Long Short-Term Memory Networks (LSTM)
LSTMs are a special breed of RNNs built to remember things for longer stretches. They’re designed to solve the problem of RNNs forgetting stuff over long sequences. If you’re dealing with complex tasks that need to hold onto information for a long time, like translating paragraphs or predicting what happens next in a TV series, LSTMs are your go-to.
Generative Adversarial Networks (GAN)
Imagine two AIs in a cat-and-mouse game: one generates fake data (like images), and the other tries to catch what’s fake and what’s real. That’s a GAN. This setup allows GANs to create incredibly realistic images, music, text, and more. They’re the artists of the neural network world, generating new, realistic data from scratch.
Weight
Think of weights as the neuron’s way of deciding how important an input is (multiply the input by the weight).
Bias
A tweak to make sure the neuron’s output fits just right (added to the input).
Activation Function
This step is where the magic happens, allowing the neuron to tackle complex patterns by bending and stretching the data in nonlinear ways. Popular choices for this function are ReLU, Sigmoid, and Tanh, each with its way of tweaking the data.
Weighted Sum
The first step in the neural computation process involves aggregating the inputs to a neuron, each multiplied by their respective weights, and then adding a bias term. This operation is known as the weighted sum or linear combination.
Mathematically, it is expressed as:
Y= W1X1+W2X2+b (summation over n weights)
The weighted sum is crucial because it constitutes the raw input signal to a neuron before any non-linear transformation. It allows the network to perform a linear transformation of the inputs, adjusting the importance (weight) of each input in the neuron’s output.
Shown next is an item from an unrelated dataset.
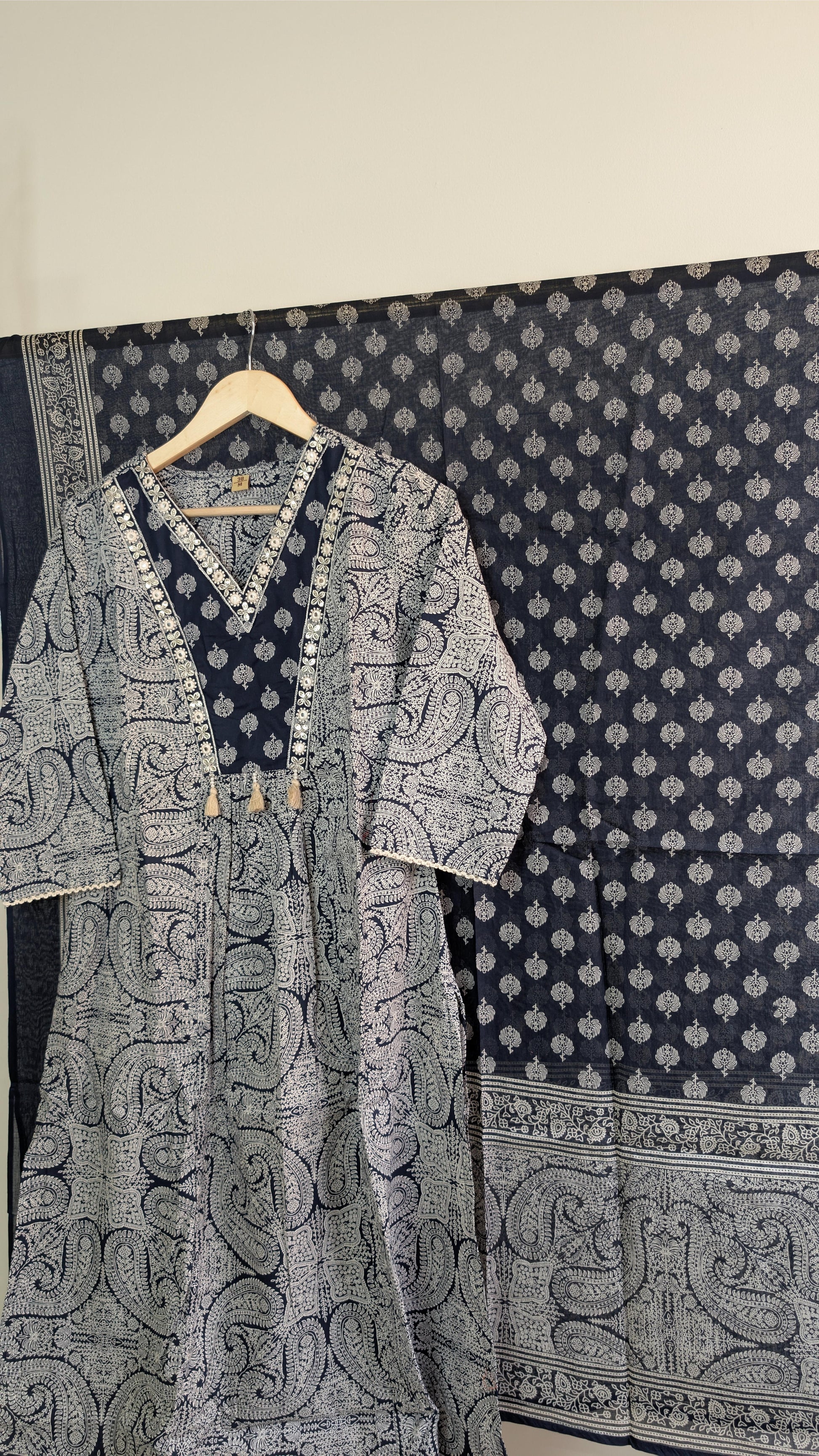 Indigo Handblock Cotton Kurti Set with Mirror Work & Tassels – Timeless Elegance (AC00013)

Sigmoid Activation Function
This function squeezes its input into a narrow range between 0 and 1. It’s like taking any value, no matter how large or small, and translating it into a probability.
f(x) = 1/(1 + e^−x)
You’ll see sigmoid functions in the final layer of binary classification networks, where you need to decide between two options — yes or no, true or false, 1 or 0.
Hyperbolic Tangent Function (tanh)
tanh stretches the output range to between -1 and 1. This centers the data around 0, making it easier for layers down the line to learn from it.
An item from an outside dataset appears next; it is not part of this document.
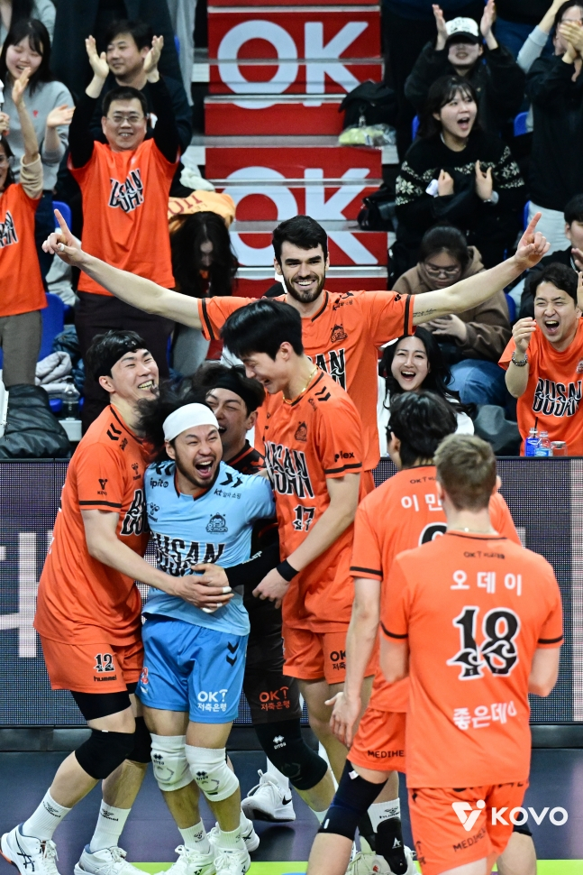 부산 강서체육관에서 벌어진 남자 프로배구 경기에선 부산 OK저축은행이 의정부 KB손해보험을 세트스코어 3-1(21-25, 32-30, 25-21, 28-26)로 제압했다.

f(x) = tanh(x) = (2/(1+e^-2x)) - 1
It’s often found in the hidden layers, helping to model more complex data relationships by balancing the input signal.
Rectified Linear Unit (ReLU)
ReLU is like a gatekeeper that passes positive values unchanged but blocks negatives, turning them to zero. This simplicity makes it very efficient and helps overcome some tricky problems in training deep neural networks.
f(x) = max(0,x)
Its simplicity and efficiency have made ReLU incredibly popular, especially in convolutional neural networks (CNNs) and deep learning models.
Leaky Rectified Linear Unit (Leaky ReLU)
Leaky ReLU allows a tiny, non-zero gradient when the input is less than zero, which keeps neurons alive and kicking even when they’re not actively firing.
f(x) = max(αx,x)
It’s a tweak to ReLU used in cases where the network might suffer from “dead neurons,” ensuring all parts of the network stay active over time.
Exponential Linear Unit (ELU)
ELU smooths out the function for negative inputs (using a parameter α for scaling), allowing for negative outputs but with a gentle curve. This can help the network maintain a mean activation closer to zero, improving learning dynamics.
f(x) = x (if x > 0)
α(e^x - 1)
Useful in deeper networks where ReLU’s sharp threshold could slow down learning.
Softmax Function
The softmax function turns logits, the raw output scores from the neurons, into probabilities by exponentiating and normalizing them. It ensures that the output values sum up to one, making them directly interpretable as probabilities.
f(x)i = e^xi / Σj e^xj
It’s the go-to for the output layer in multi-class classification problems, where each neuron corresponds to a different class, and you want to pick the most likely one.